The smart, stylish, beautiful lines are distinctively different — different from pre-war Chrysler models — and different from post-war Models of other makes. From the windshield forward, the front end is new — and different — and generally acclaimed the 'most beautifully designed front end' of any automobile today. The hood flows into the fenders in graceful lines that give it a broader and lower appearance. The new Grille is a piece of beautiful designing, finished in gleaming Chrome, and entirely different from any other car. The new Bumper Guards are new, smartly designed, rugged, and spaced for greatest protection to the grille. And the top of the hood carries a beautiful new ornament — a modern interpretation of the famous Chrysler wings — the original radiator ornament introduced on the first Chrysler back in 1924. From the front, from the side, from the rear — from any angle, the Beautiful Chrysler is a Beautiful Car — a fine possession that looks the part."


Chrysler Royal Luxury Brougham – what a name! It implies utmost luxury and exclusiveness, but in fact the Royal was Chrysler's entry-level model. At least on cuban roads it bears an exclusive name, as we came across a two-door Chrysler Royal only once in all the years.

Like all big Detroit players, Chrysler kept on selling warmed-up prewar models until the new developed lineup was ready in 1949. These postwar Chryslers literally had a wall of chrome up front, wearing arguably the squarest grille in whole America. The rest was solid prewar construction, nicely wrapped into a renewed skin, and the fact that still quite a few beautiful postwar cars of the Chrysler Corporation are driving around in Cuba, speaks for their impeccable construction and quality. So minor were the changes between 1946 and 1947, that Chrysler even used the same sales brochures over two years.
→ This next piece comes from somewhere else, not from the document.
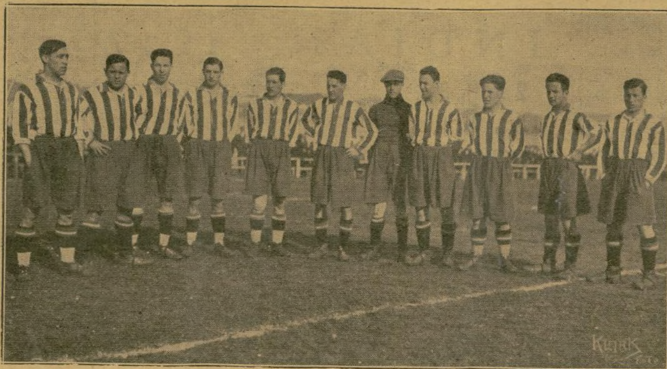
El actual Campeón de Asturias

Our encounter with the pictured Chrysler Royal from Cienfuegos, however, won't have a happy end. We found the massive car at a private taller, where all kinds of cars, no matter if American or Russian, are being repaired and restored. Inside the shop, we've seen handmade body parts of impeccable quality, made on simple machines that seemed to be older than the industrial revolution. The friendly owner, Miguel, explains: "The Chrysler is already worn out, and with just two doors, it isn't really practical, neither. Soon, I will modify it into a camioncito, a light truck. Hay que resolver..."

"Hay que resolver", you have to find a solution, is a phrase that perpetually circles through conversations on the island. After more than half a century of communism, life in Cuba is a constant "freestyling", looking for possibilities to get over the lack of everything that one way or another dominates all aspects of living here. We think it's a pity to destroy a historic car, but in Cuba's real life conditions, called socialismo, beauty alone doesn't seem to have much value...

1 Kommentare:

Caristas said...

A shame indeed, though I do admire some of the hand-built camioncitos!